Training Serving Skew and Distribution Drift
What Training Serving Skew Is
Occurs when the features used during training differ from those served at inference, causing offline AUC to significantly exceed online performance. Common causes include different transformation code paths (training uses Spark UDFs, serving uses Python), incorrect time filters that leak future data into training, or schema mismatches where a feature type changes between offline and online stores. Symptoms manifest as offline AUC of 0.92 dropping to online AUC of 0.76. The blast radius is large: a 10 percent accuracy drop can reduce CTR by 15 to 25 percent.

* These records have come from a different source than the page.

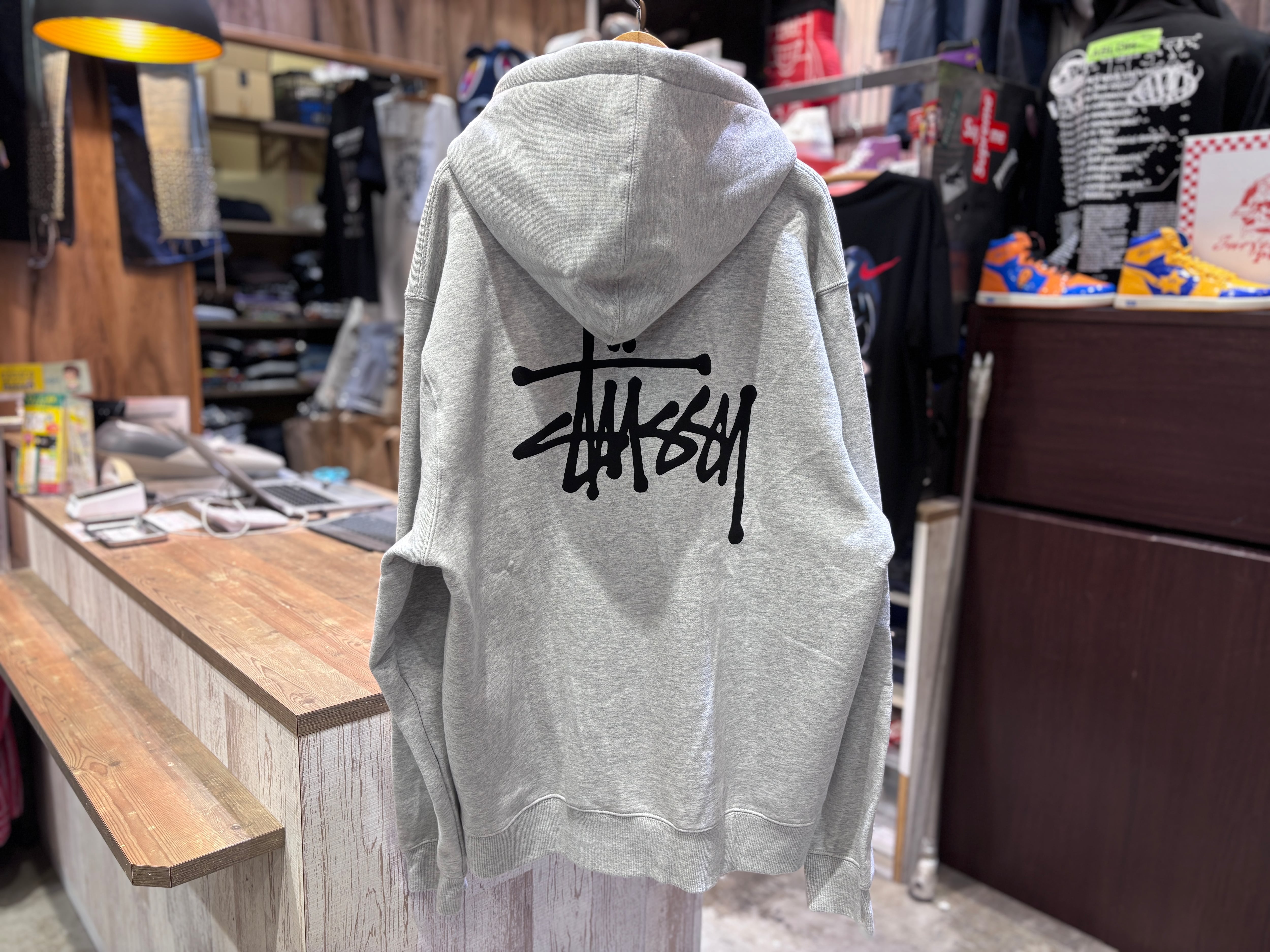 【STUSSY】LOGO EMB HOODIE GRAY
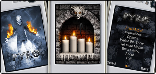 Pyro - фокус со свечами. После запуска, вы увидите на экране четыре свечи. Пусть ваш друг выберет одну свечу, после этого вы берёте телефон, зажигаете свечки, затем дуете на экран и погаснет именно та свеча, которую выбрал ваш друг... Размер экрана: 240х320.
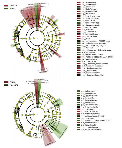 門水平的分類分析表明,厚壁菌門、擬桿菌門和放線菌門在所有類群的糞便微生物群落中占優(yōu)勢。與對照組相比,模型組的Epsilonbacteraeota水平較高,而葛根素處理可逆轉(zhuǎn)這一趨勢(圖7D)。采用LEfSe方法,篩選出LDA評分大于2.0的明顯改變的類群,以鑒定類群間(門到屬)的差異類群。如圖8和圖9所示,在對照組和模型組之間,模型和葛根素組之間,共發(fā)現(xiàn)了40和24個不同的細菌分類分支。有趣的是,在葛根素治療后,14種不同的細菌類群在NASH小鼠中顯示出相同的恢復正常水平的趨勢,包括p Epsilonbacteraeota, c Campylobacteria、o彎曲菌目、 f 螺桿菌科、 g幽門螺桿菌屬、p 脫鐵桿菌門、c 脫鐵桿菌、 o 脫鐵桿菌、 f 脫鐵桿菌科、g Mucispirillum、o Betaproteobacteriales、f burkholderaceae、g Parasutterella 和g瘤胃球菌科NK4A214組。值得一提的是,模型小鼠中氏菌屬的成員比對照組小鼠大,葛根素治療后進一步擴大。(字母 p、c、o、f 和 g 分別代表門、綱、目、科和屬)
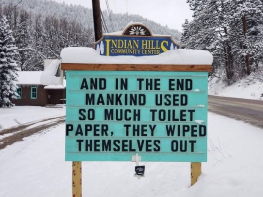 And in the end mankind used so much toilet paper, they wiped themselves out.
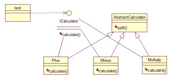public class StrategyTest { public static void main(String[] args) { String exp = "2+8"; ICalculator cal = new Plus(); int result = cal.calculate(exp); System.out.println(result); } }
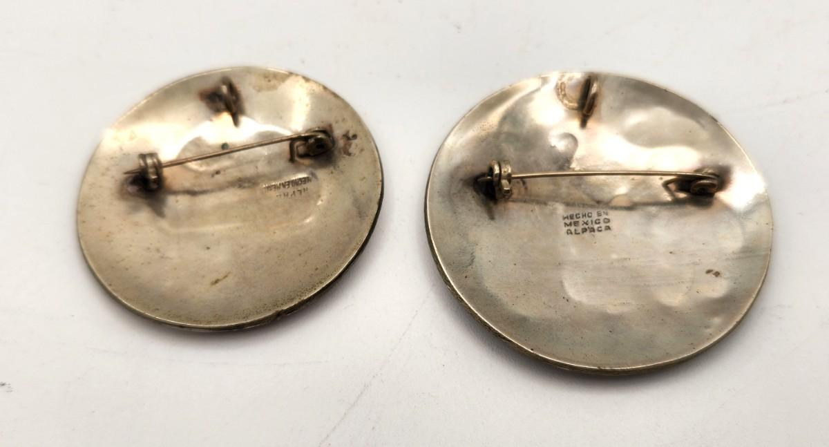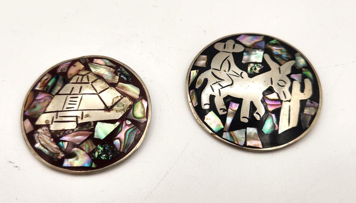 Lot #43 Pair of Alpaca Mexican Silver Brooches with Mother of Pearl Inlay
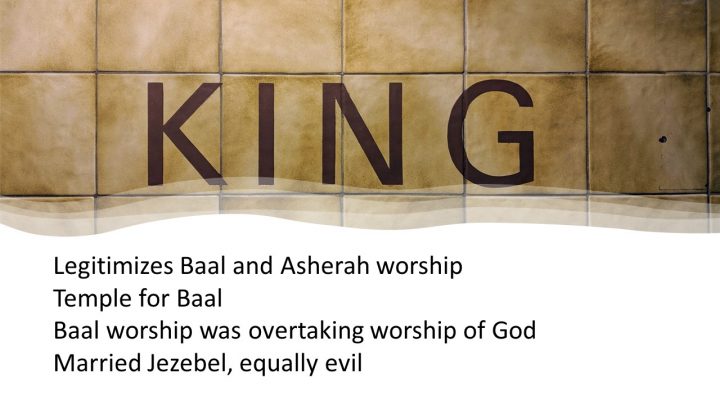 Then King Ahab comes to reign. He was particularly cruel especially in his treatment of the worshippers of God.
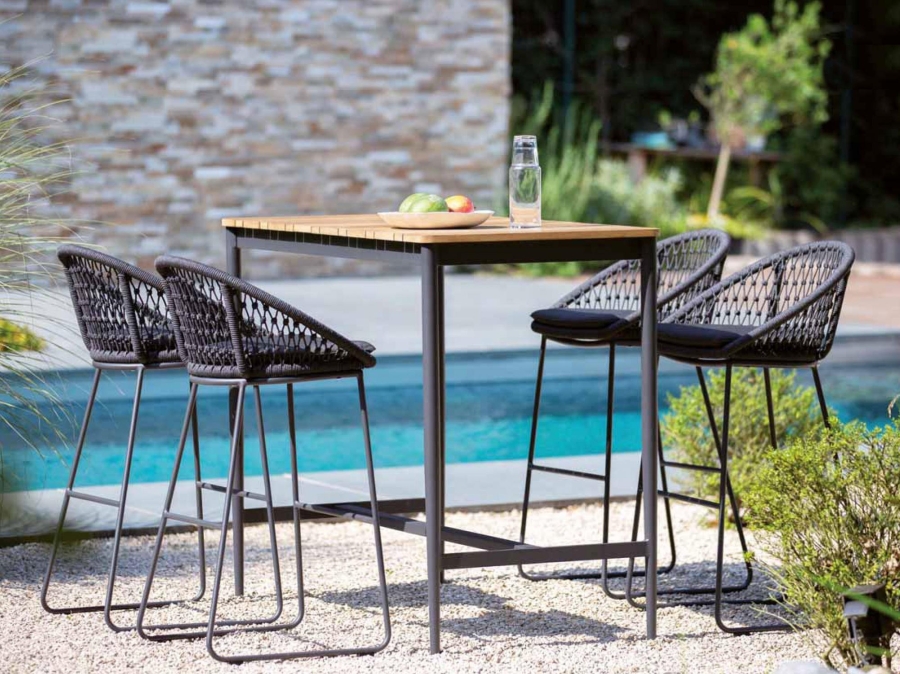 Das Bar-Set Kuta-Luna von Niehoff Garden besticht durch seine exzellente Materialauswahl und hochwertigen Verarbeitung. Die Bespannung der Möbel besteht aus einer robusten Kordelbespannung, welche perfekt durch das pulverbeschichtete Aluminiumgestell ergänzt wird. Die Gesamtfarbgebung in edlem Anthrazit unterstreicht die moderne und zeitlose Optik des Sets. Ein weiteres Highlight sind Tischplatten aus Teakholz, welches nicht nur durch seine Langlebigkeit, sondern auch durch seine harmonische Farbgebung überzeugt.
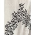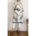 オフ白コットンローン生地に花模様を幾何学的にステッチ刺繍を施した、個性的なチュニックワンピースです。
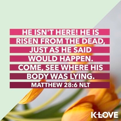 "Don’t be afraid! I know you are looking for Jesus, who was crucified. He isn’t here! He is risen from the dead, just as he said would happen." (Matthew 28:5-6, NLT)
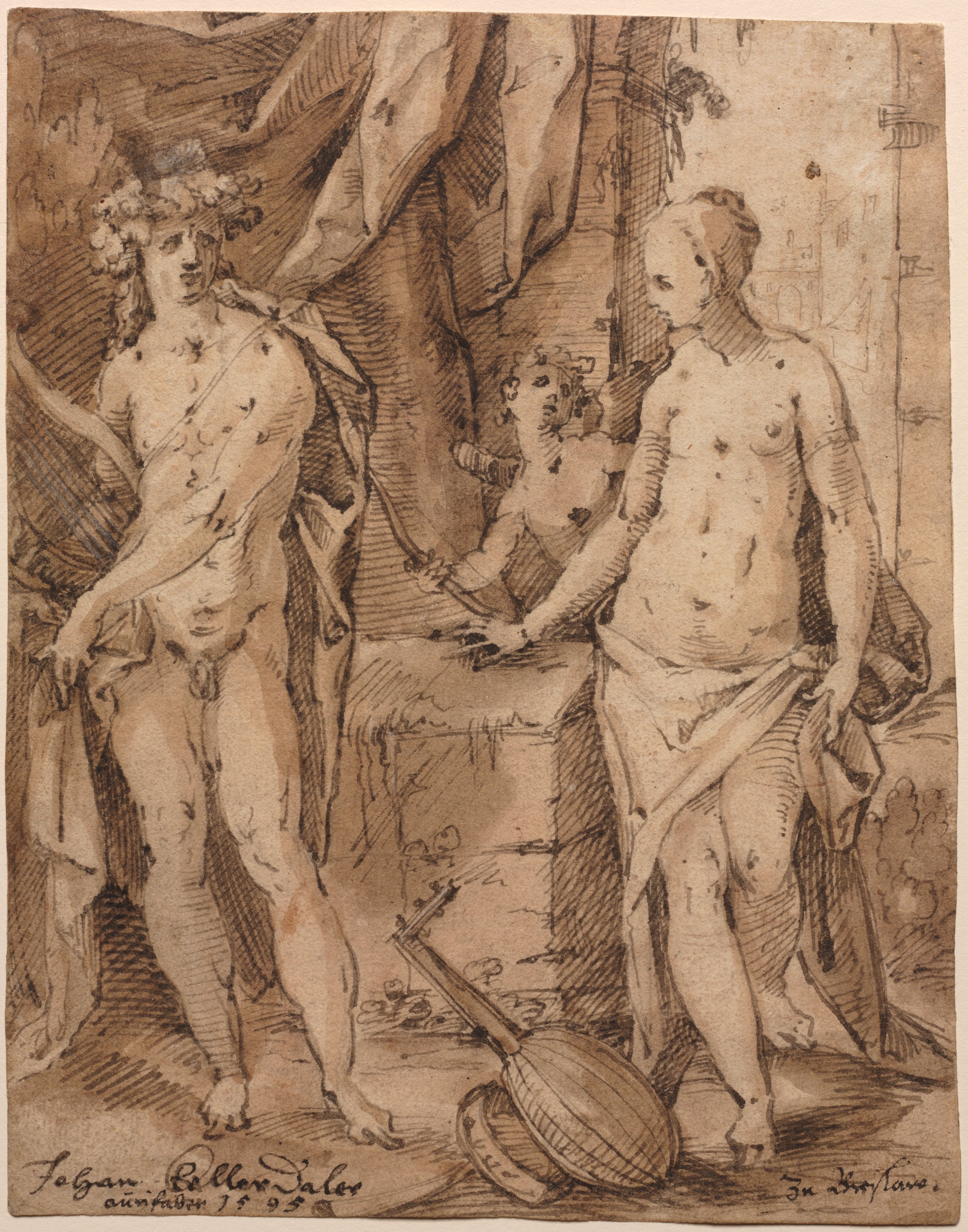 The image depicts a drawing of three figures. A man on the left wears a wreath on his head and holds a cloth in his right hand. He appears to be naked with curly hair. In the background, a young boy sits on a stone block holding an object. On the right, a woman faces the left; she appears to be naked, holding a cloth in both hands. A musical instrument rests on the ground in front of her. The background includes draped fabric and other objects.

Mitigation Through Unified Logic
Feast and Tecton enforce this by using the same transformation definitions for both offline backfills and online materialization. Airbnb Zipline requires that feature pipelines produce both offline datasets and online values from identical code, preventing divergence. Point in time joins with "as of" semantics ensure training examples only see features available at the example timestamp. Automated validation compares offline and online distributions using PSI or KL divergence; a PSI above 0.2 or KL divergence above 0.1 triggers alerts before model deployment.
Online Offline Drift
Happens when feature groups are deployed to one store without updating the other. Deploying a new feature view to the online key value store without backfilling the offline lake means training on old logic while serving new logic. The mitigation is versioned feature groups with release gates: backfill offline first, validate distributions match, then cut over online serving. Shadow reads during cutover compare both versions in production.
Late Data Drift
An event arriving 10 minutes late may miss the window close in streaming aggregation but appear in the next day's batch backfill, creating offline online count mismatches. The fix is event time processing with watermarks that delay window close to wait for late events, plus idempotent upserts keyed by entity, window end, and version. Compensating updates can correct closed windows when very late events arrive beyond the watermark.